A lot of the leading House progressives are from safe Democratic seats, and will be resistant to any compromise. They may try to scale down everything on their wish list into super low-budget versions hoping to expand them later, but I doubt this would get by the CBO budget scoring review, let alone Manchin.

Actually, the plot thickens when you see Manchin’s conditions beyond the spending amounts. His memorandum of understanding with Schumer includes this key phrase: “Sole ENR jurisdiction on any clean energy standard.” This refers to the Senate Environment and Natural Resources Committee, of which he is the chairman. (This is another reason against Manchin switching parties: as chair of this key committee already, he gets nothing by switching, but if Democrats keep the Senate majority next year, he remains a roadblock to their energy craziness.)

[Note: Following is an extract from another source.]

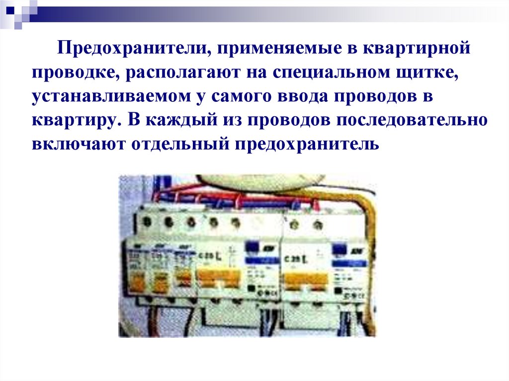 Предохранители, применяемые в квартирнойпроводке, располагают на специальном щитке,
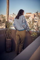 Ta bluza debiutuje w naszej garderobie nomadów i stanowi dopełnienie patchworkowych ubrań, które są tak bliskie naszym sercom. Wykonany z bawełny, jest wyjątkowo miękki i wygodny, a także doda duszy Twojemu codziennemu życiu.

The draft “reconciliation” bill includes a thing called the “Clean Energy Performance Plan” (or CEPP), which would reward states that reduce their carbon emissions from their electricity supply and penalize states that do not. In other words, it is an attempt to force states to adopt ambitious “renewable” energy sources. Really it is intended to be a wealth transfer from red states to blue states. I’m guessing this stands no chance of getting by Manchin.

Ironically, though, the CEPP might cost California if it passed, potentially as much as $1.5 billion in penalties. How could this be possible in “green” California? Simple: by closing down our last remaining nuclear power plant (Diablo Canyon) in three years, California’s greenhouse gas emissions are guaranteed to go up. Pay no attention to PG&E saying they will replace Diablo fully with renewables. They are flat out lying.

The whole story is complicated (and this is on purpose, of course), but the intricacies of the matter are explained by Zeke Hausfather, Adam Stein, and Alex Trembath of the Breakthrough Institute in their new study, “Costs of Closing Diablo Canyon Nuclear Plant Under the Clean Electricity Performance Program.” Look it over if you have a moment—it i first-rate analytical work by serious environmentalists (who, yes, are on the endangered species list because there are so few such beings).